In terms of experimental validity, most (if not all) empirical research in vision science has to make an inevitable trade-off between internal and external validity: internal validity roughly refers to the strength of the link between research findings and design of the study, and it can be increased for example by minimizing confounding variables and presenting well-controlled stimuli. On the other hand, external validity is related to the generalisability of the findings beyond the selected artificial stimulus, testing environment, or group of participants in the research. As a related concept, ecological validity often refers to the generalisability of the findings to real-world settings75. Here, we favoured ecological validity: although collecting gaze data using mobile and VR eye-trackers inside 1:1 scale physical and virtual versions of the artwork in a counter-balanced order from the same group of museum visitors aimed to preserve internal validity to some extent, our testing environment was far away from artificial laboratory conditions, where for example strict control of participant's viewing distance to a well-calibrated monitor accompanied with desktop-grade eye-tracker with higher sampling rate is often regarded as a procedural norm. On the other hand, art galleries and museums can be described as ecologically valid conditions where visitors’ behaviour can be measured53, and these physical conditions are not well tested so far for VR.

Given the overwhelmingly similar pattern of eye movements in the two different environments, our results would suggest that using VR would be described as a suitable proxy for the aesthetic experience in gallery and museum settings. Describing eye-movements as an indicator and one of the few directly measurable components of aesthetic experience during artwork viewing is a common assumption behind many previous studies: often, researchers utilize eye-tracking as a meaningful tool to compare conditions or participant groups to answer their research questions, for example, (1) whether figure paintings and landscape paintings induce dissociable gaze patterns76, (2) whether expert and non-expert participants in visual arts form different oculomotor measures77, or (3) whether the overlap of museum visitors’ viewing pathways on two paintings can be indexed and compared78. Additional measures can also be incorporated in studies and researchers can ask, for example, whether motion-capture alongside the eye-tracking during viewing a figurative sculpture by museum visitors who are trained dancers or non-dancers can be a feasible metric for aesthetic and kinesthetic experience79. Here, we used fixation maps and derived metrics such as dwell time per AOI as one potential way of comparing physical and VR museum contexts, and our main justification behind this is that the conceptualization of fixation maps80 allows us to quantify the similarity of eye movement traces81. Note that we fully acknowledge that aesthetic experience as a highly complex process cannot be reduced to eye-movements, but nevertheless maintain that eye-movement metrics can be an essential measure to compare the interaction of viewers with an artwork.

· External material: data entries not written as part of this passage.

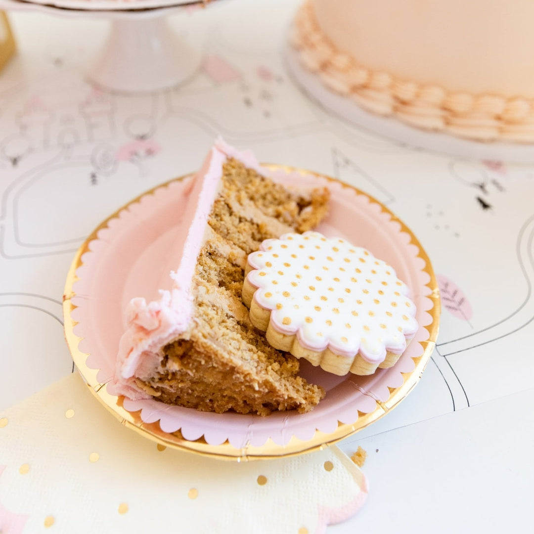 These perfectly pink Princess Crown Plates are fit for royalty with a gold foil crown accent and foil edging. These plates are wonderful for serving birthday cake and cupcakes or dainty finger foods served at your kid's princess party, especially when paired with princess birthday party decorations! See the styled images for more princess birthday party ideas!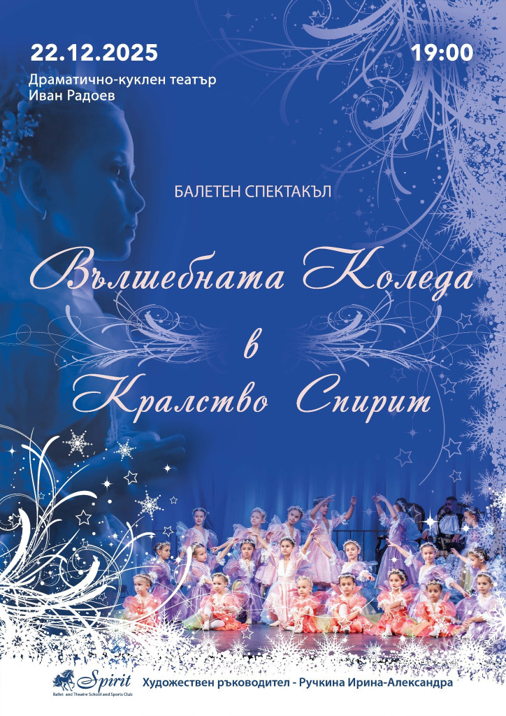 19:00 ч. - Балетен спектакъл „Вълшебната Коледа в Кралство Спирит“ - концерт на Балетно - театрална школа „Spirit“ с балетен педагог и хореограф Ирина Хаджиева. Място: ДКТ „Иван Радоев“;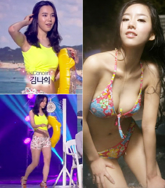 '개콘' 김나희는 지난달 8월 배꼽티에 핫팬츠를 입고 출연한 '개콘' 영상에서, '배우' 김나희는 과거 화보를 통해 아찔한 볼륨감을 과시하며 남성 팬들의 눈길을 확 사로잡는다.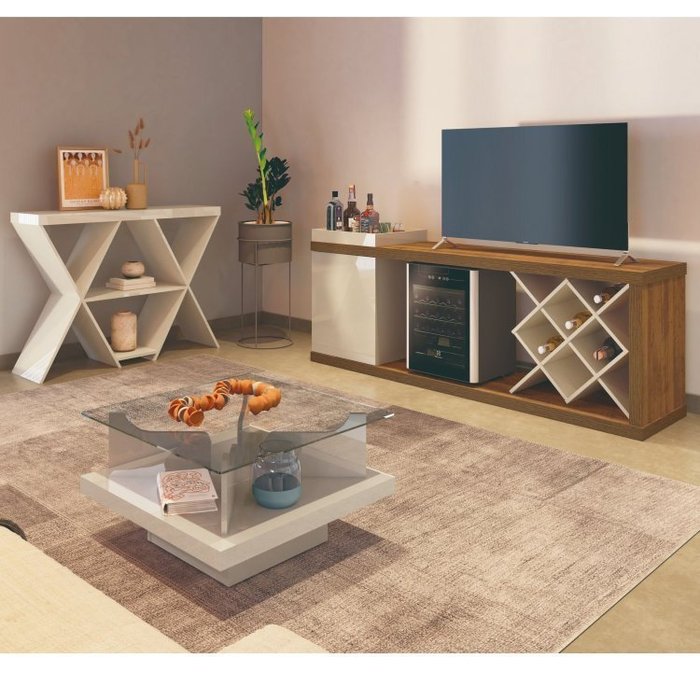Conjunto Sala de Estar Rack Bar Madrid com Mesa de Centro em Vidro Temperado e Aparador com 2 Nichos

However, the assumption of the ecological validity of VR still needs more rigorous test cases to become a generalizable argument. We compared some of the basic measures that may be used to relate to aesthetic experience in terms of attentional engagement. Apart from mostly comparable results on absolute and area-normalized dwell times, visitors spent relatively more time in the virtual environment compared to the physical environment. More specifically, the main eye-tracking results showed that in both conditions, (1) participants visually explored in all directions as all surfaces of the installation except for the ceiling, (2) preferred coloured parts of the installation over the non-coloured parts as indexed by area-normalized dwell time, and (3) often revisited the same location as indexed by fixation counts on a given AOI. Results from the exit-questionnaire indicated overall positive feedback from participants, and provided a comparison between physical and virtual artworks, where participants were generally split equally into two towards favouring either physical- or virtual-versions on various evaluations. Since the perception and judgment of art are highly subjective, individual differences both in terms of gaze patterns and questionnaire responses were inevitably present. Overall, our findings suggest that in the test case presented here, the virtual presentation of the artwork did not radically change the observers’ visual exploration.

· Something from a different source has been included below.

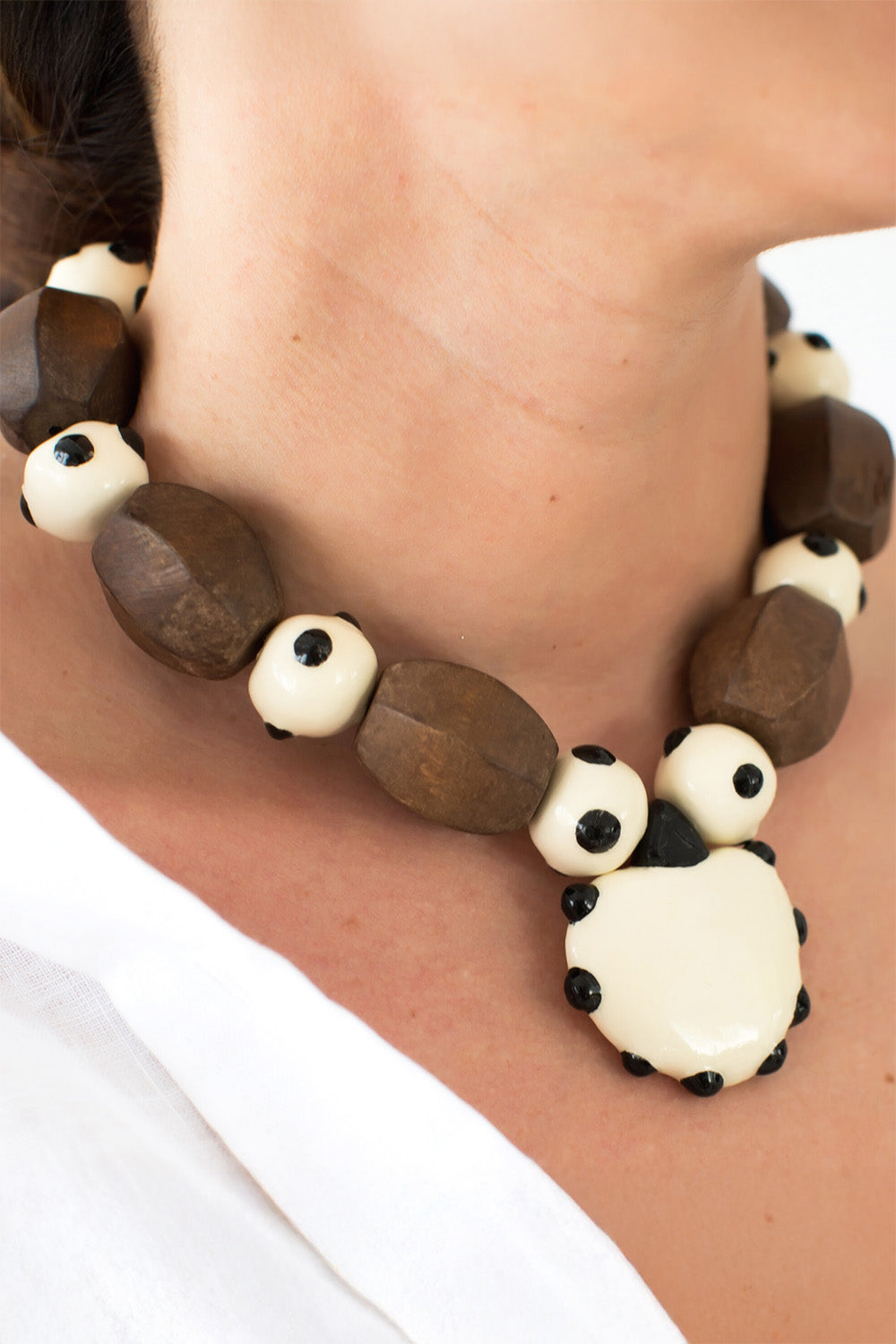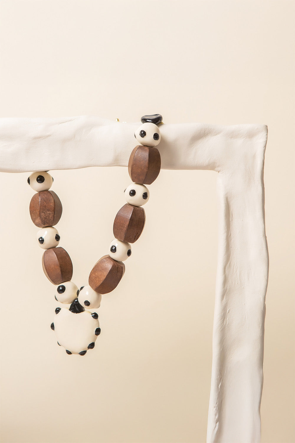 Kalp ve top parçalar kilden elde şekillendirilmiştir, desenleri el boyamasıdır. Metal parçalar altın kaplama pirinç, köşegen parçalar ham ahşaptır.

Recently, a comparative study between physical and virtual settings for an art gallery was investigated, with a focus on using EEG and ECG to classify emotion recognition and type of environment52: relevant to our results, participants’ self-assessment ratings on arousal and valence were part of their study, and almost no difference was found between physical and virtual contexts for eight art pieces, except for valence rating on a single art piece. In another study conducted to compare VR-museum and 2D computer monitor settings, no difference towards artworks’ perceived quality and artistic quality was found, although the aesthetic experience of paintings was described as more intense in VR82. Similarly, virtual environments can enhance memorability to some degree: for example, one study investigated active and passive view of spherical, 360° movie clips (such that whether the viewpoint of footage is dependent to head-orientation of the participant or not) involving Rubens and Nicolas paintings displayed via a head-mounted display (HMD), and their findings indicated that viewers’ impression on paintings were described as more powerful and realistic in the active viewing condition83. Another study compared the memory recall and recognition between 360° pictures displayed on HMD and on a tablet, and their results favoured the VR-display over tablet-display84. Apart from some enhancing effects of VR, the presentation medium of artwork seemed to induce minimal change on observers’ experience.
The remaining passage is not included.